Gov. Chris Christie said Tuesday he’s inclined to move New Jersey’s 2012 presidential primary to June to save money and avoid penalties such as losing delegates.
New Jersey law says the primary will be held Feb.7, 2012, but that would violate new national party rules designed to prevent the chaos of the 2008 primary season, when states were competing for prominence by pushing their dates earlier and earlier.
“My inclination would be to say, listen these rules are so kind of screwy now about how we’re going to pick delegates … that I don’t know whether it’s enough value for New Jersey to move up,” Christie said in response to a question at a town hall in Cape May. “We’re going to have election in June anyway, especially in 2012 because we have a United States senate race at the top of the ticket.”
Christie said he’d have to get an agreement from the Democrats who hold the majority in both houses of the Legislature to change the law. He already has an unlikely ally in Assemblyman John Wisniewski, the state Democratic Party Chairman, who has submitted a bill to consolidate all primaries June. A Republican senator and an assemblyman are also sponsoring similar bills.
Wednesday, April 13, 2011
Christie Signals Support for June Primary in New Jersey
This is the first inkling of movement from New Jersey since the bill (A3777) cited above was introduced in February. The two Republican bills (S71 and A757) mentioned have been in committee since being introduced in February 2010. Like California, the savings from consolidating the two sets of primaries are being touted by proponents, but the underlying partisan implications are potentially important as well. That Republican Assemblymembers in California (There was unanimous bipartisan support for the bill moving the California primary back to June in the vote on Monday.) and the Republican governor of New Jersey are willing to set partisan concerns aside is indicative.

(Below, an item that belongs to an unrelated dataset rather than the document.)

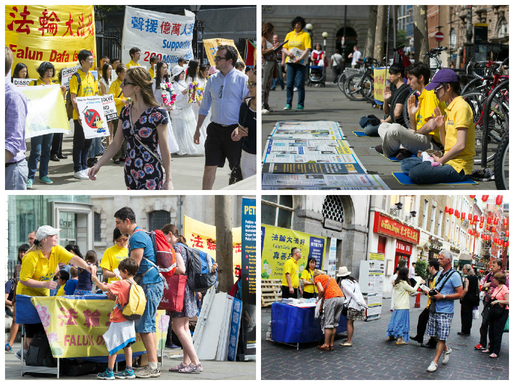 当天下午,英国法轮功学员同时在首相府对面、伦敦中国城、和圣马丁广场三个地点进行了讲真相的活动。在伦敦这个游客众多的国际大都市,受到很多来自世界各地的民众的支持,人们纷纷前来了解真相,并极力谴责中共江泽民集团对法轮功学员的骇人听闻的迫害。

The savings are being valued over giving voters in the two states -- Republican voters especially -- a meaningful voice in the nomination process. Of course, Democrats with power over date-setting in more Democratic states are gambling that early and more conservative states will produce a conservative nominee that will not fare as well against President Obama while some Republicans in those same states are not resisting in the hopes that the nomination has yet to be determined by the time the process gets to what would be two primaries (California and New Jersey) at the tail end of the primary calendar.
And perhaps it should be mentioned that this is the clearest indication yet that Chris Christie will not run for the Republican nomination. Taking away a potentially early burst of delegates from your home state -- something favorite sons have benefited from to varying degrees of success in the past -- is no way to manage a presidential run.